Professor Murray Johnston of the University of Delaware is supported by the Analytical and Surface Chemistry Program in the Division of Chemistry and by the Atmospheric Chemistry Program in the Division of Atmospheric Sciences to develop a nanoparticle inlet for use with aerosol mass spectrometry, and to use it for characterization of airborne nanoparticles in laboratory and field studies. At present, on-line sampling of nanoparticles from ambient air into the vacuum of a mass spectrometer is inefficient, making it difficult to study nanoparticle formation and reactivity. The inlet being developed in this work will aim to transmit nanoparticles over a broad size range, especially particles smaller than 10 nm, so that their composition can be determined. This analytical methodology will be used to study the formation and growth of nanoparticles in a coastal marine environment, and to study the formation of secondary organic aerosols.
The project will provide important information on the source and fate of nanoparticles in the environment so that their impacts on human health and the environment can be assessed. The methodology is relevant to the study of human exposure to nanoparticles in the workplace and to the study of large molecules and macromolecular assemblies in biological systems. A diverse group of graduate and undergraduate students will be educated in this interdisciplinary area involving chemistry and atmospheric science. The results of field measurements will be used as case studies for environmental chemistry coursework at the University of Delaware, and the general public will be engaged at University sponsored science outreach events.
This project supported research in the general area of environmental nanotechnology.

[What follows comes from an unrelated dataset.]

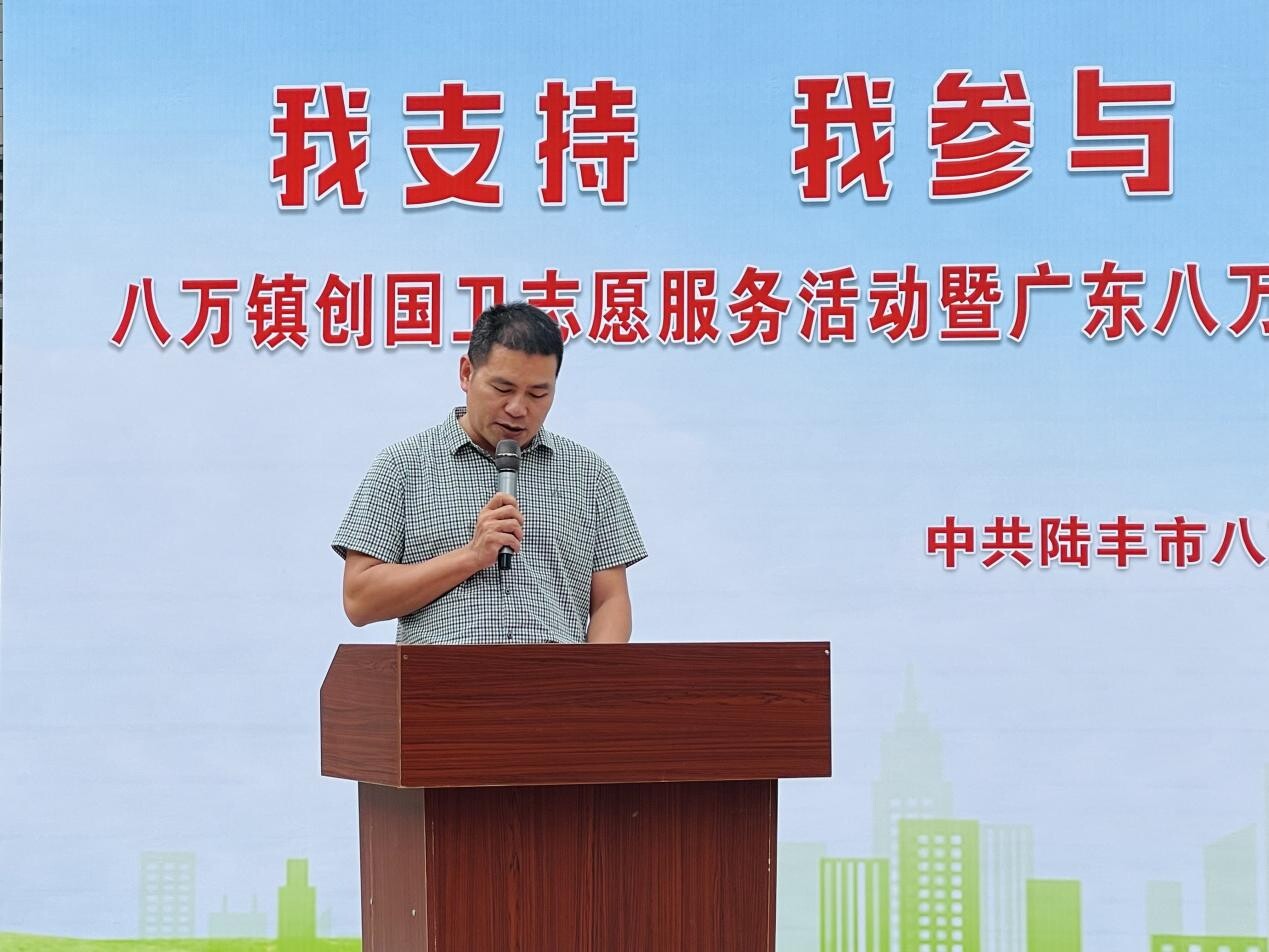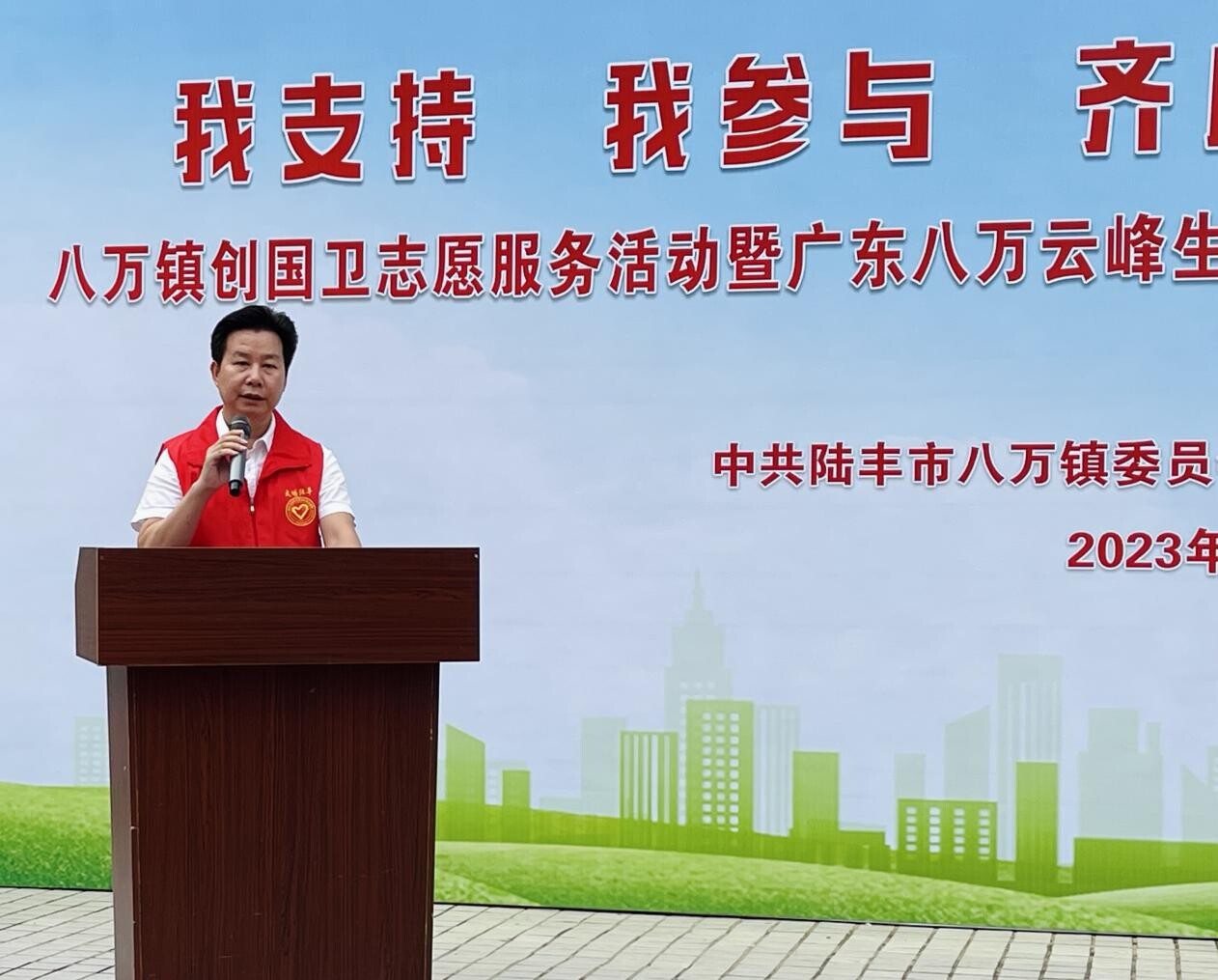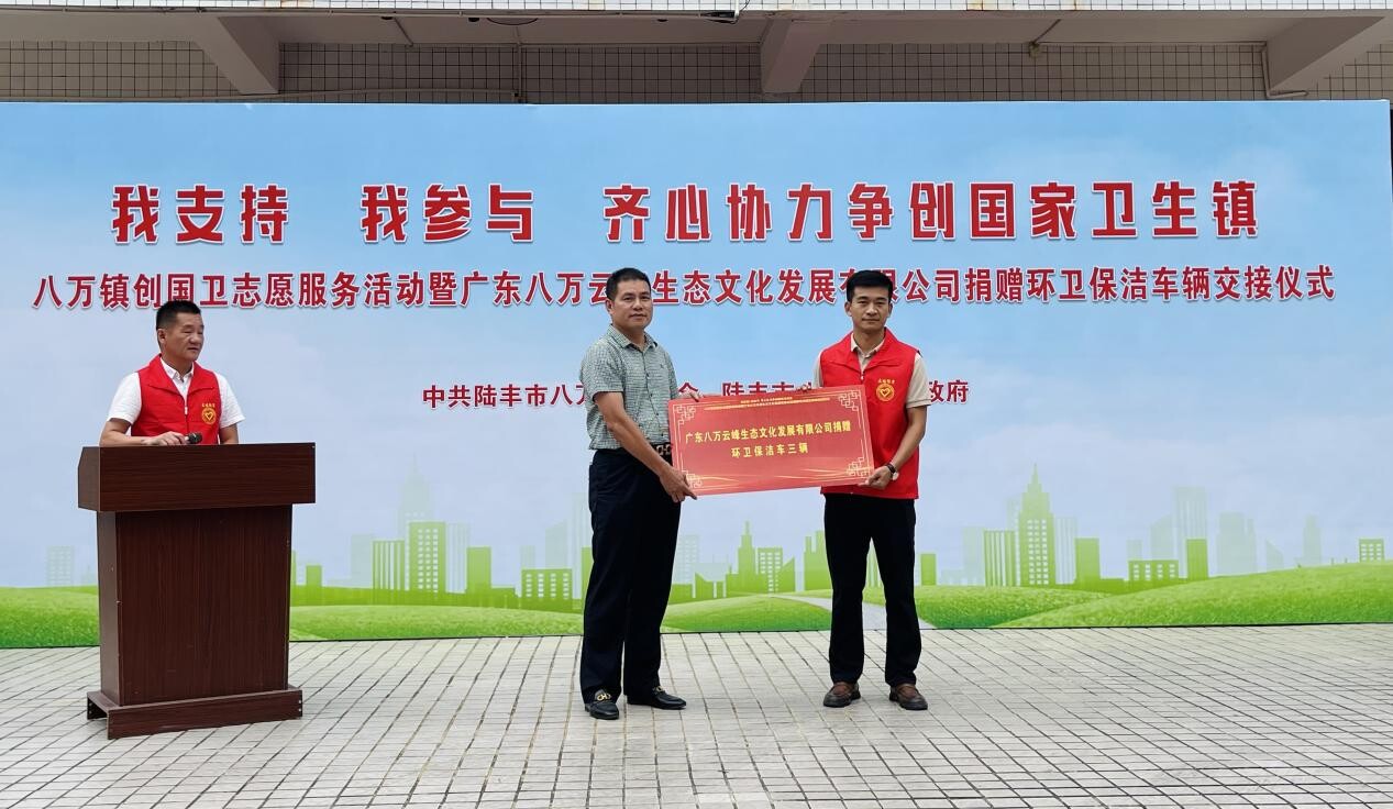 “我支持,我參與,齊心協(xié)力爭創(chuàng)國家衛(wèi)生鎮(zhèn)”,11月11日,八萬鎮(zhèn)舉行創(chuàng)國衛(wèi)志愿服務(wù)活動暨廣東八萬云峰生態(tài)文化發(fā)展有限公司捐贈環(huán)衛(wèi)保潔車輛交接儀式。

Nanoparticles are ubiquitous in the air we breathe. They impact both human health and climate. To understand these impacts, methods must be developed that are capable of measuring the chemical composition of ambient nanoparticles. This is no small task since the mass per particle is so small. For example, a 20 nm diameter particle (the target size of this research project) contains only about 10 attograms of material, which is 14 orders of magnitude less than the mass of a grain of salt. This is like comparing the mass of a single bacterium to the mass of the earth. The intellectual merit of this research was the development and application of new methodology for sampling and analyzing airborne nanoparticles. This new methodology enabled measurements of particles in ambient air and laboratory reactors. In ambient air measurements in Lewes, Delaware and Los Angeles, California, we demonstrated the ability to distinguish "natural" nanoparticles formed by the reaction of gas phase emissions from the biosphere from "anthropogenic" nanoparticles emitted from combustion sources. "Natural" particles contain sulfate, nitrate and organic matter, while "anthropogenic" nanoparticles contain mostly hydrocarbons. In laboratory experiments we studied the formation and reaction of organic matter derived from monoterpenes that are typically emitted from pine trees. Under the conditions of these experiments, this organic matter was found to consist of approximately a 50/50 mixture of individual molecules and polymeric species from the molecules. We also studied the reaction of ammonium sulfate clusters with amines, and found that amines rapidly displace ammonia on the surface of these clusters. This process may contribute to the rate at which nanoparticles grow in the atmosphere. The broader impact of this research is the development of methodology that can be used for composition measurements in many aspects of environmental and industrial nanotechnology, not just the specific applications pursued in this work. Four graduate students supported by this project have obtained their Ph.D. degrees and are now employed full-time in academic, industrial and government positions in the United States.